OpenAI and Google DeepMind computer models have scored gold medal level performance on the 2025 International Mathematical Olympiads, their natural language answers getting five of six problems right. It is also the first instance that general-purpose AI systems have surpassed the results of high school students in the world in completing mathematical tests, without the official translation of problems.

Performance Overview
OpenAI’s experimental reasoning model correctly answered five IMO questions in its “informal” evaluation, generating proof‑style solutions in English. The company hired three former IMO medalists to grade its outputs before notifying the Olympiad committee and timing its announcement to follow the students’ award ceremony. Google DeepMind entered its advanced Gemini Deep Think agent (an enhanced reasoning mode that explores multiple solution paths in parallel) and officially collaborated with IMO graders to confirm its 35‑point gold‑medal score under the contest’s guidelines.
Verification Dispute
Google publicly criticized OpenAI for announcing its results before independent IMO verification. DeepMind CEO Demis Hassabis noted that Google respected the Olympiad’s request to wait for official grading and student recognition. OpenAI responded that it initially declined formal participation to focus on natural‑language reasoning but agreed to delay its release after the IMO provided feedback. Neither company has released full model details, though both claim their systems outperform last year’s silver‑medal‑level AI and outscore most contestants.
Implications for AI Reasoning
The fact that AI reasoning models enable the highly abstract problems to be solved in an unstructured environment with minimal formal encoding exhibits the gold medal performance in this environment. The experts observe that 5 accurate proofs perform better than almost 90 percent of those who enter it as human beings, and it means that the distinction between human and machine problem-solving is narrowing in tricky areas. This advancement could also be applied in co-research in mathematics and allied arts because these two models are strong in the clarity and accuracy of the proofs they fail to produce.
What’s Next
The introduction of GPT 5 by OpenAI is yet to come with expanded reasoning features, whereas Google is involved in improving on Deep Think in the Gemini interface. The talent competition in AI and based on the trends of its perception on the part of leadership, is challenging as well, and the market, like IMO, acts as a flagship manifestation of growing potential.
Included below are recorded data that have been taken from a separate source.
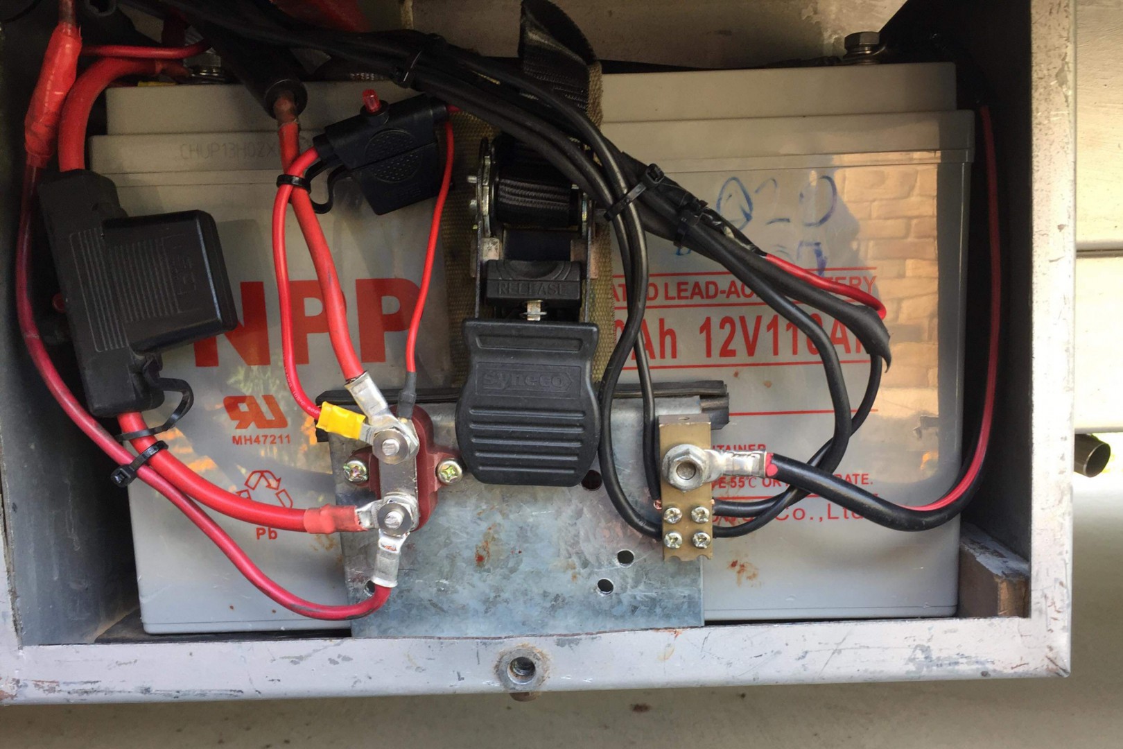 Next a secondhand 2013 85 amp blue battery was added to compliment the orignal 100 amp battery.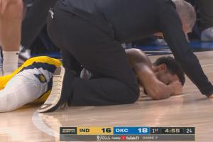體育資訊06月23日訊 現場記者Lisa Salters報道了步行者的官方消息:哈利伯頓因為右小腿部位的傷勢,退出今日比賽!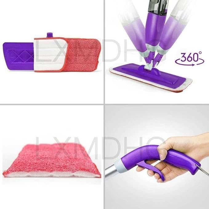 Generic - ممسحة صحية مع وسادة تنظيف من الألياف الدقيقة قابلة للإزالة والغسل ونظام رش ماء مدمج، تنظيف قوي 360° لجميع الأرضيات، الأسطح الرطبة والجافة، لون أخضر لون أحمر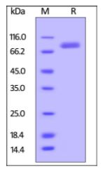 | Molecular Mass : | The protein has a calculated MW of 67.8 kDa. The protein migrates as 70-100 kDa under reducing (R) condition (SDS-PAGE) due to glycosylation. |

The use of domain knowledge required by real-world problems and iterative demonstration of correctness make researchers stipulate that the IMO milestone is merely one step to more general-purpose intelligence-enhancing assistants, as opposed to definitive instances of human-level intelligence.
To ensure the future progress of both labs, cooperation with organizations such as the IMO will be essential to establish an environment for testing AI accomplishments in a rigorous manner. Interestingly, mathematical competitions have broken the record for the speed of AI reasoning expansion, and this is not the last stage of achieving success in research and teaching.